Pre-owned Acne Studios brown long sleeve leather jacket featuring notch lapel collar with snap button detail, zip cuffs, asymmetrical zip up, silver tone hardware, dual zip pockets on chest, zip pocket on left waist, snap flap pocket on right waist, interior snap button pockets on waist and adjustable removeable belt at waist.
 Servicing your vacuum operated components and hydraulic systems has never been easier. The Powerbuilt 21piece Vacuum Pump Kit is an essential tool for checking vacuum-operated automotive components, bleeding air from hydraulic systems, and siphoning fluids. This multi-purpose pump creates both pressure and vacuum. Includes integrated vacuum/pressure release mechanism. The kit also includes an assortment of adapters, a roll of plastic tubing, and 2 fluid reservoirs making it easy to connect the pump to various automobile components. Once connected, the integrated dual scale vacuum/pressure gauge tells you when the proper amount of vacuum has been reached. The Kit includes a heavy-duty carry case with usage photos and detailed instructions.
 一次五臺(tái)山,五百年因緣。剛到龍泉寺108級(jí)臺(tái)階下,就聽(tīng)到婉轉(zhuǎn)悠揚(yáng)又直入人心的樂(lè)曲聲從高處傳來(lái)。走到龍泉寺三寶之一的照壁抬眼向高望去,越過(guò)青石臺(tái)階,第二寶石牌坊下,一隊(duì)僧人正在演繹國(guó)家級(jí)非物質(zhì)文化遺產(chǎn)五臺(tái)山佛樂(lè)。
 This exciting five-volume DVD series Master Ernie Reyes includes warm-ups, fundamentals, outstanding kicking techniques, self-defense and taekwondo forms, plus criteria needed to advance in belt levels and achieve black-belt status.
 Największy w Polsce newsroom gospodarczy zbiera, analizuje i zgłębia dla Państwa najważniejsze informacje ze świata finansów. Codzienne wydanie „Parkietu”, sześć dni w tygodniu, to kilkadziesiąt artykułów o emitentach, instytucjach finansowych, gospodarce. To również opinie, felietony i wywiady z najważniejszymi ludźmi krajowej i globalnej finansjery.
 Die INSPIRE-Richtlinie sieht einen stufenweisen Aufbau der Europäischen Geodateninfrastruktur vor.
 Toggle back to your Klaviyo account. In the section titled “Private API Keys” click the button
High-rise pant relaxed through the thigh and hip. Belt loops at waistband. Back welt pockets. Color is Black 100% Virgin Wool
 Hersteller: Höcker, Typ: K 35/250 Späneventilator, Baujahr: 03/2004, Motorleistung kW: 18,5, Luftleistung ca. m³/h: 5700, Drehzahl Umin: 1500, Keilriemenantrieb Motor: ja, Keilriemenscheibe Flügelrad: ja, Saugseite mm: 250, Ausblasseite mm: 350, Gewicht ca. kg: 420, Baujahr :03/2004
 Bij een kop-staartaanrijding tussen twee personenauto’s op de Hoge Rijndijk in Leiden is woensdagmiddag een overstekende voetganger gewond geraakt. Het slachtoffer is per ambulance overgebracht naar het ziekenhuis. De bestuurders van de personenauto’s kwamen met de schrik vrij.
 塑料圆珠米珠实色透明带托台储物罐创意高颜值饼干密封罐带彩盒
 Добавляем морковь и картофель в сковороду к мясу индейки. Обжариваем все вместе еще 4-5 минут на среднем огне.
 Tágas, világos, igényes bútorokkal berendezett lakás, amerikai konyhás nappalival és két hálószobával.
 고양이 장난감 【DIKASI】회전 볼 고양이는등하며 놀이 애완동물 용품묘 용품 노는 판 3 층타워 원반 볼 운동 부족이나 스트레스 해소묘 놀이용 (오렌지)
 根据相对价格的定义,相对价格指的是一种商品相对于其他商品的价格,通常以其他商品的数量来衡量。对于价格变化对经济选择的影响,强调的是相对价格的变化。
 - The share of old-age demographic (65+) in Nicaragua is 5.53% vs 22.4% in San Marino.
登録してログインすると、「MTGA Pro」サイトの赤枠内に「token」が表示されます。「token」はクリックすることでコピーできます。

• • • • •

Copy every line from the data that includes the string "pockets".

Pre-owned Acne Studios brown long sleeve leather jacket featuring notch lapel collar with snap button detail, zip cuffs, asymmetrical zip up, silver tone hardware, dual zip pockets on chest, zip pocket on left waist, snap flap pocket on right waist, interior snap button pockets on waist and adjustable removeable belt at waist.
High-rise pant relaxed through the thigh and hip. Belt loops at waistband. Back welt pockets. Color is Black 100% Virgin Wool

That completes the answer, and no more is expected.